1

I have a set of .bin files containing data in a formally specified format. I know exactly how many bytes there are for each field e.g. name = 40 bytes, version number = 2 bytes etc. I also know the exact order they are stored in the file (e.g. name, then version number....).

So far I can load the data from a file into an std::vector<unsigned char> list, then step through that data and read the fields in as per the number of expected bytes.

The issue is that this method is very long and error prone should I get any of the fields wrong (there's alot of different fields).

I've looked at and talked to people about struct packing, pointer casting and bit fields. I just can't seem to get them all to work together.

How can I read the data into my buffer, then 'overlay' my struct on the buffer? Then all the fields would populate according to the allocated bit fields I've given each value in the struct.

The issue with bit fields is that I can't take in strings.

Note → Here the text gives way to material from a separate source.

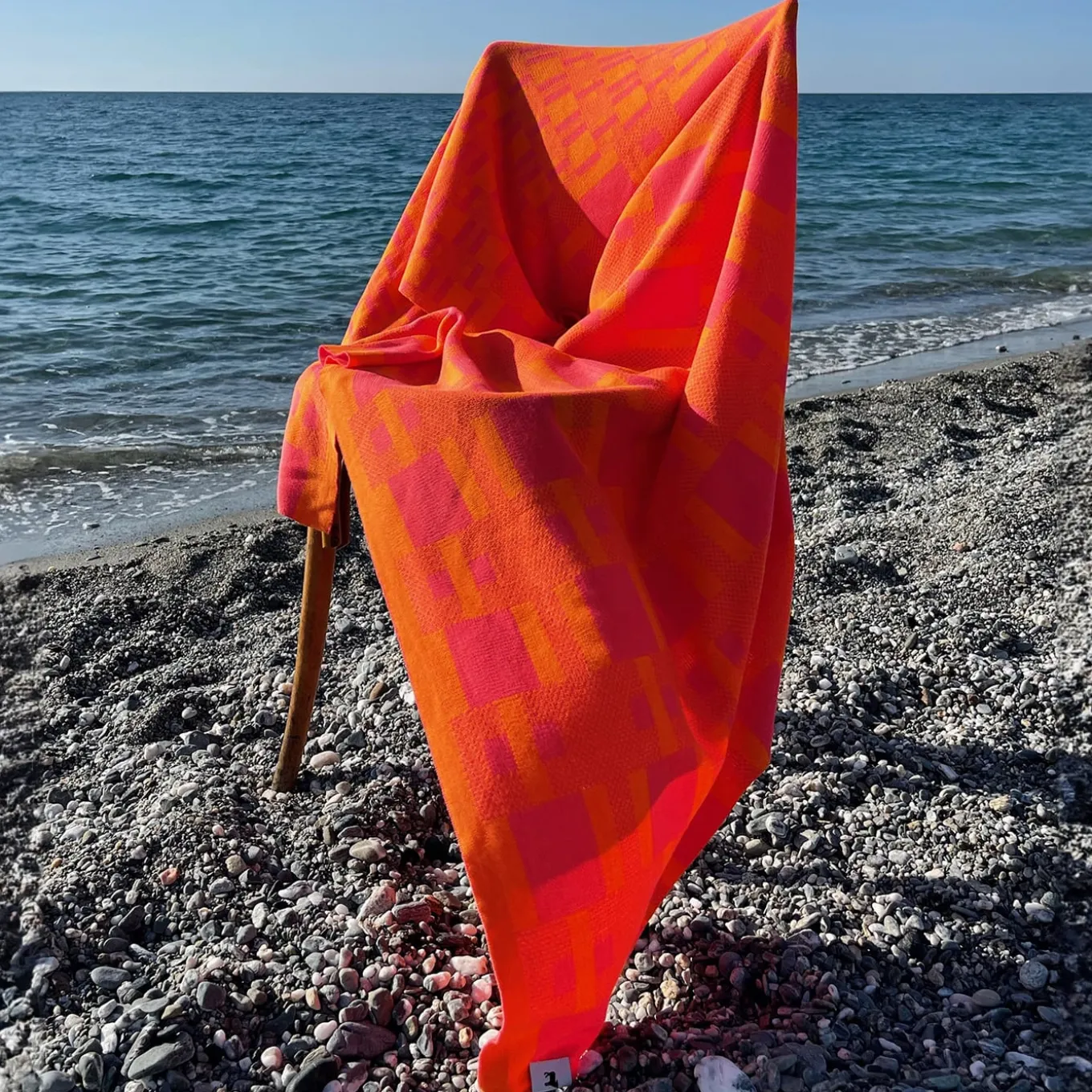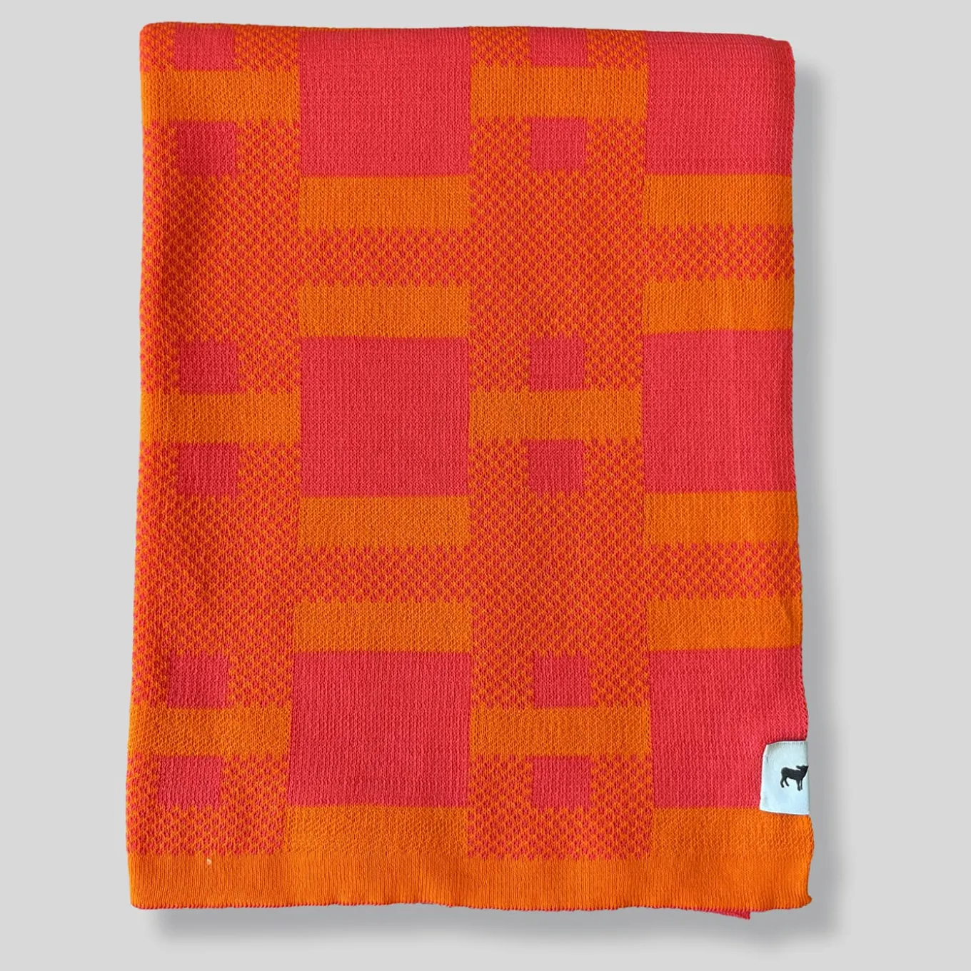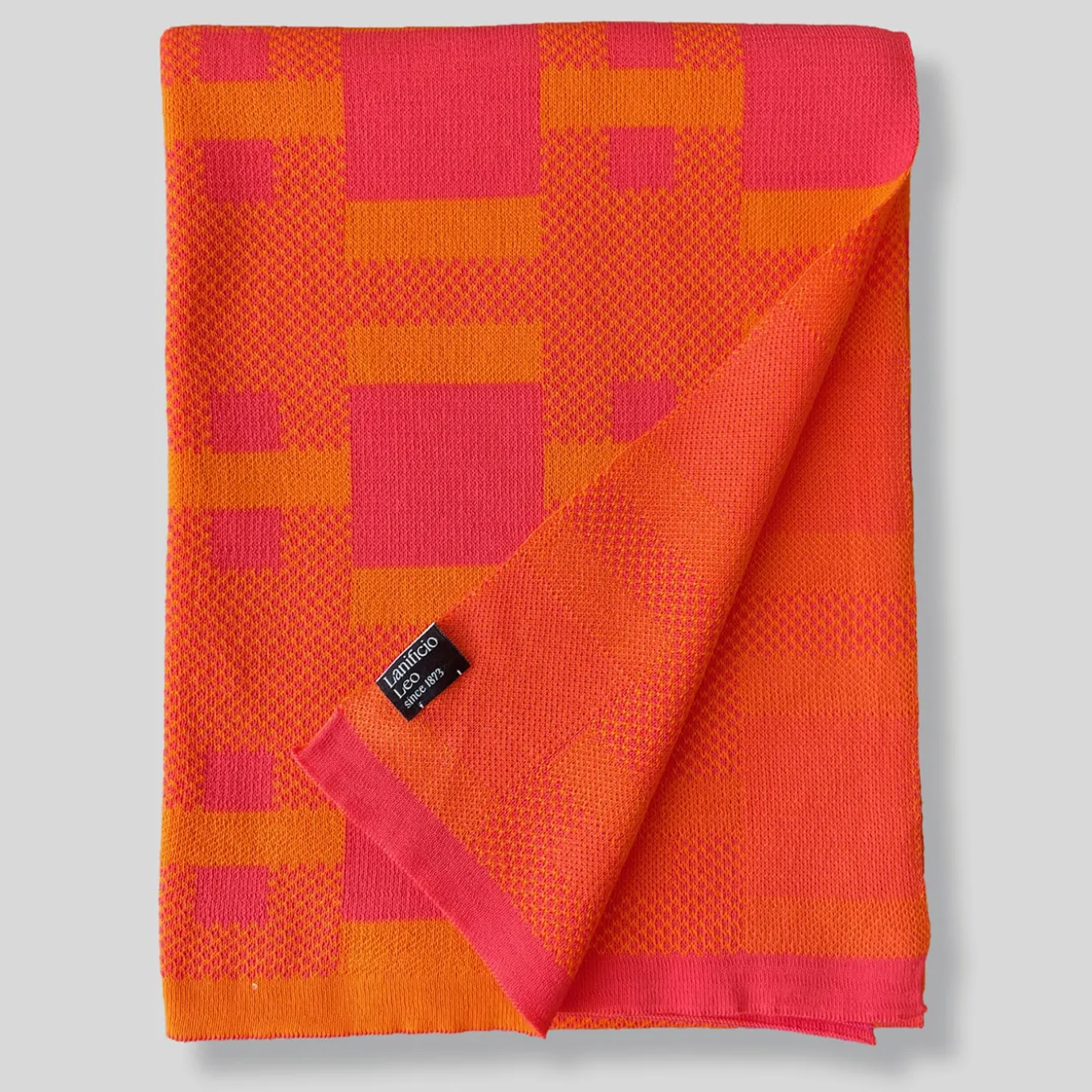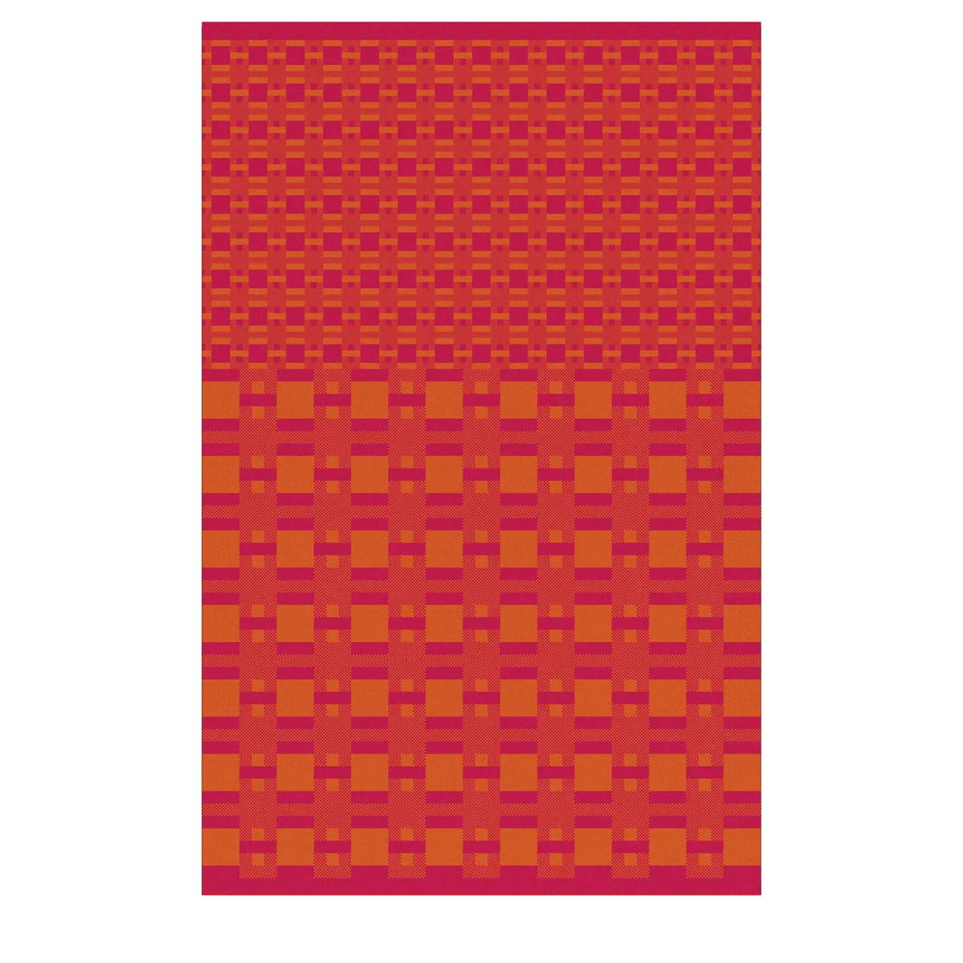 Vibrant shades of orange and red are the ones selected for this stylish jacquard piqué-weft blanket, a precious piece obtained from the weaving of fine bio four-ply cotton yarns. The characteristic pattern it flaunts belongs to a computational project where graphic motifs are randomly generated using a Max/MSP code. A yellow version is also available in the Artemest catalog.

Advice or example code would be highly appreciated. If you'd like just comment and I can give you code to show what I have so far and what I'm trying to achieve.

#include <vector>

int main()
{
    //File data loaded by function call
    std::vector<unsigned char> fileData;

    //How do I cast fileData to be a dataFields type? 
}

struct dataFields 
{
    int ID : 8;
    // Cannot use bit field for string type? 
    std::string name;
    int versionNumber : 16;
    int someOtherValue : 8;
}

I cannot give the exact code I'm working on for work reasons but I feel this sumarises what I'm trying to do fairly well in a simple manor.

MaxA
  • 15
  • 4
  • 1
    Please provide some example. Do read https://stackoverflow.com/help/mcve Also, you have tagged both C and C++, please tag the exact language you are using - either C or C++. – kiner_shah Nov 03 '21 at 11:31
  • Make a packed struct that matches what you know about the data (non-packed structs have no specific memory layout you could rely on). Copy the data over it with memcpy (this is the one aliasing method that people can agree on as legal). Test extensively. That's the most advice you're going to get at this level of detail. –  Nov 03 '21 at 11:32
  • The simplest, non-portable solution is to read a buffer the size of a record and cast it to a struct pointer. – stark Nov 03 '21 at 11:34
  • Why would you want to use bit field with a string type? In this case you have to use a raw C array with explicitly stated size: `char name[40]`. – user3366592 Nov 03 '21 at 11:42
  • Then assuming you have an instance of `dataFields` called `d` and the `fileData` vector contains the binary data loaded from your file, you have to use `memcpy`: `memcpy(&d, &fileData[0], sizeof(dataFields))` – user3366592 Nov 03 '21 at 11:45
  • You can't populate an std::string by casting or memcpy, stick to [Plain Old Data](https://stackoverflow.com/questions/146452/what-are-pod-types-in-c) types. –  Nov 03 '21 at 11:50
  • I have done something similar in the past with C, not ++ but I think it should work just the same. I simply create the struct and allocate memory for it and then pass its pointer to the fread or whichever function is used to read the data. That is the fread puts the data directly into the struct with no intermediate buffer. One reason I did it this way is because it was a very small embedded system and couldn't afford to have a separate large buffer and this was the simplest way around that limitation I could come up with.. – Christian Nov 03 '21 at 12:06

2 Answers2

0

No, you indeed cannot use bit pattern for std::string, you wouldn't want to anyway since it contains just a few pointers.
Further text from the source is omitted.